The 5:2 diet was featured on Horizon in August 2012, and essentially requires you to fast for 2 non-consecutive days per week. The other 5 days, you can eat what you like. Alternate-day fasting is just how it sounds; you fast every other day. By "fasting", we mean that we keep our calorie consumption very low, around 500 calories on average, on those days.
Michael Mosley has recently unveiled a new website to accompany his new book on the subject. Please go check them out, as he's the whole reason most of us are here!
I know a number of people lurk on this thread, as this is currently quite popular. Please just jump in and post if you're new- we won't bite. Well, maybe on a fast day. You'll find a lot of support here.
Here is a list of links to get you started with this way of eating. Please let us know if you find a new article or some other information online:
First things first, here are links to some of our previous threads: most recent one before that another one etc!

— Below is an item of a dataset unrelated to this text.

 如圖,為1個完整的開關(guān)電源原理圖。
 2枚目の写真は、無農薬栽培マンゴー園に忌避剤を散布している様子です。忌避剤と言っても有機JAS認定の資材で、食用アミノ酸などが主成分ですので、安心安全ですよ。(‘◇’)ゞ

Another thread which breadandwine has started is a good resource for some of the links and tips that get lost in these big threads. In addition to sharing links, we try to condense some of our top tips for fasting there. Keep in mind, we all do this differently, so these are just tips, not rules. This might be a good place to catch up with us if you're feeling a bit lost!

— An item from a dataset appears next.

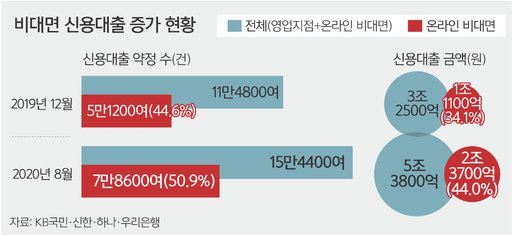 개별 은행에 따라서는 최근 비대면 신용대출 비중이 60∼70%대에 이른 경우도 많았다. 한 시중은행은 8월 신규 신용대출 3만9551건 중 71.8%(2만8394건)가 비대면으로 이뤄졌다. 금액으로는 1조3450억원 중 58.9%(7925억원)가 비대면 신용대출이었다.
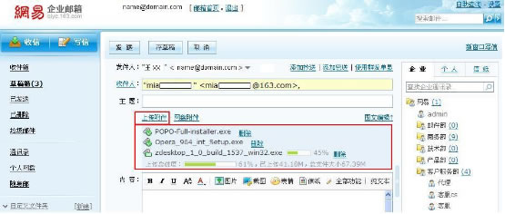 网易企业邮局支持邮件携带大附件,其中标准版支持50M附件,商务版支持100M附件,当上传较大附件时,页面等待时间可能会比较慢。目前网易企业邮推出flash控件上传功能,可以充分提高附件上传的速度。

frenchfancy has a recipe thread over here, please post any low-calorie recipes there so they don't get lost in these bigger threads!
Here is the link to the BBC article regarding Michael Mosley's findings, which was featured on Horizon.

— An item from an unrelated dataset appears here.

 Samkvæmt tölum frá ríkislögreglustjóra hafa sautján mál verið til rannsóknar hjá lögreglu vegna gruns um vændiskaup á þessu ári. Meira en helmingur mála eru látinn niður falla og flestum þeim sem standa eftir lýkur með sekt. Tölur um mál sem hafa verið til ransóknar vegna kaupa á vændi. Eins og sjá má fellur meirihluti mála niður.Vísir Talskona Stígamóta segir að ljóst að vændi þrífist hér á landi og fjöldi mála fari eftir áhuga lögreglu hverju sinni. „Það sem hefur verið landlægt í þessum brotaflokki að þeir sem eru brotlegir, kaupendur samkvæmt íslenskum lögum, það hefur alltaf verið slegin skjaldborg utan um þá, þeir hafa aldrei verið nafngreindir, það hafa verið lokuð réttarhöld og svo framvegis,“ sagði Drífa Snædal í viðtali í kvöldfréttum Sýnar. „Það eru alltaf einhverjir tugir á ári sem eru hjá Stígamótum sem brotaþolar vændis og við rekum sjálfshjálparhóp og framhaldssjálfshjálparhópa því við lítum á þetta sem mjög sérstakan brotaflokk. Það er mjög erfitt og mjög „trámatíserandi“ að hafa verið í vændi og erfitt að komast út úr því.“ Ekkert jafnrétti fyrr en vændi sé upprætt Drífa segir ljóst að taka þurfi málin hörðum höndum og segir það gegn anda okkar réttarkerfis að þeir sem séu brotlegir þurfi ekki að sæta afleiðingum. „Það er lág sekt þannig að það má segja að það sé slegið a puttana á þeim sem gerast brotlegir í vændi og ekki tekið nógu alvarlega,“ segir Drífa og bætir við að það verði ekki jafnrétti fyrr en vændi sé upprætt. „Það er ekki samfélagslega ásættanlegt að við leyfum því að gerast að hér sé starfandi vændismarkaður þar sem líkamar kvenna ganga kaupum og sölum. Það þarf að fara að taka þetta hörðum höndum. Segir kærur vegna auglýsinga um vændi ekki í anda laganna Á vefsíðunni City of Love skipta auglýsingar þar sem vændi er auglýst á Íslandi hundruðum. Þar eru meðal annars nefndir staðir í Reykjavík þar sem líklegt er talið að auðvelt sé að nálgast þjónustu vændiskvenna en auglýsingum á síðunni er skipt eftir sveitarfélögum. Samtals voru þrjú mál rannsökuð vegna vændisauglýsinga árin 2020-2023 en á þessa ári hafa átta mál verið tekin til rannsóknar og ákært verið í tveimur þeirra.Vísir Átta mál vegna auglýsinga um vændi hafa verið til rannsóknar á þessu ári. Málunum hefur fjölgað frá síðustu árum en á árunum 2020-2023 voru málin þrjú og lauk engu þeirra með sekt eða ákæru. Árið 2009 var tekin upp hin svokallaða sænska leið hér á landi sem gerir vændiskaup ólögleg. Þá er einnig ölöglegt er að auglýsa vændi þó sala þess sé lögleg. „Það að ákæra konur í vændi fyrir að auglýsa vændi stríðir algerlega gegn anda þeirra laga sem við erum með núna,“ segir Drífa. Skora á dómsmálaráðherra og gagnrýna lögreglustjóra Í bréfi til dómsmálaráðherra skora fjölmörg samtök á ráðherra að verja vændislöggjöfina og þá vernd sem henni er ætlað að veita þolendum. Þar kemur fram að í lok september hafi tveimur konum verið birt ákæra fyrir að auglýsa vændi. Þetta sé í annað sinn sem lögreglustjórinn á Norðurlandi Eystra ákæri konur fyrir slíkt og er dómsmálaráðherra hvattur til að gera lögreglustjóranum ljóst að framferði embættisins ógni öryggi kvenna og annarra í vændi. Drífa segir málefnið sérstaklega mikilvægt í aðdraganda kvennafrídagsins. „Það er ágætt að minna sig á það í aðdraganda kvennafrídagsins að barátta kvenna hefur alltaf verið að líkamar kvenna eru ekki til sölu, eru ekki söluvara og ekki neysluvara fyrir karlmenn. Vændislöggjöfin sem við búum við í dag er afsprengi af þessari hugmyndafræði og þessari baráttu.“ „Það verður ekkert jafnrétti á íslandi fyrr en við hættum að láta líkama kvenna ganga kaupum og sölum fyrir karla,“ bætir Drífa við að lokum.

B&W has found a new link to the aforementioned Horizon programme here. If you're keen to see it, watch it soon, because BBC has been quick to find these copies and shut them down online. We're hoping they'll re-play it again soon. I know these threads are popular, maybe they'll read my request.
A blog post here gives some of the scientific explanation for why this way of eating helps you to not only lose weight, but improve your all-around health.
A Telegraph article which comments on the diet and gives a brief overview.
A study discussed here gives commentary specifically addressing the effect of this diet on obese people (both men and women), with regard to both health and weight loss. ("After 8 weeks of treatment, participants had an average 12.5 lbs reduction in body weight and a 4 cm decrease in waist circumference. Total fat mass declined by about 12 lbs while lean body mass remained relatively constant.) it also mentions "Plasma adiponectin, a protein hormone that is elevated in obesity and associated with heart disease, dropped by 30%. As did LDL cholesterol (25%) and triglycerides (32%).")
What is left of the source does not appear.